The whole scale of the charity’s work now is remarkable, with around 550 in its different programmes. These include an education programme for children with special needs and a choir of local children.
“The next challenge is we are trying to open a school of our own,” Fr Walters said. “We have thought about it for a number of years. But now the Colombian education system is shifting from two shifts a day to a single one. This hurts both the children we work with who would come for extra help if they have special needs, or choir practice before or after their school day.”
The local authority are encouraging the charity, to set up a school that caters for those with special needs and the musically gifted but can’t provide any additional funds.
“We are aiming to raise a million pounds this year for this,” Fr Walters said. “Which is especially hard is that, as inflation is running wild in Colombia now, all salaries have been mandated to increase 7 percent. And the pound is sliding in value again which makes our task even harder. It is difficult but these children really do need our help.”
Fr Walters
Received into the Catholic Church 22 years ago, just after he arrived in Colombia, former Anglican minister Fr Walters became a priest a year later. He has seen the need to help street children over the years.
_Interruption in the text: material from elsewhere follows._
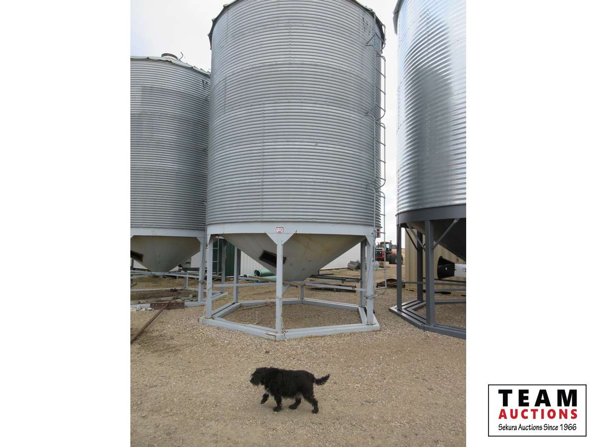 2300 +/- bu cap, 6 leg hopper, double steel ring foundation, ladder, OPI cable, Rocket aeration
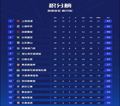 最新积分榜,海港前29轮19胜6平4负积63分高居榜首,申花多平一场以2分只差排名第二。

“I never expected the charity to grow in the way it has,” he said. “On the one hand, the more I’ve seen about the depth of the problem the more I have seen the need. But I have also been amazed we have been able to raise the sort of money we have. The generosity of people has been a real eye opener. As for his life in Medellin, he said it has become ‘a more agreeable place to live’ despite its problems.
“It does have a lot of attraction as tourist destination,” he said. “I have seen Colombia start to change its image, that is why we started choir, to show how much good there is in the country. And that has been underlined by seeing some of our youngsters go on to make a great success of their lives.”
One man he hopes will come to see that success is Pope Francis who is due to visit Colombia early next year.
“Well St John Paul came to Medellin so we shall see, we shall see,” he said. “The Pope says we should go out to the marginalised and that is the work of Let the Children Live and always has been. So hopefully during this year of mercy people will see our work as implementing Holy Father’s request.”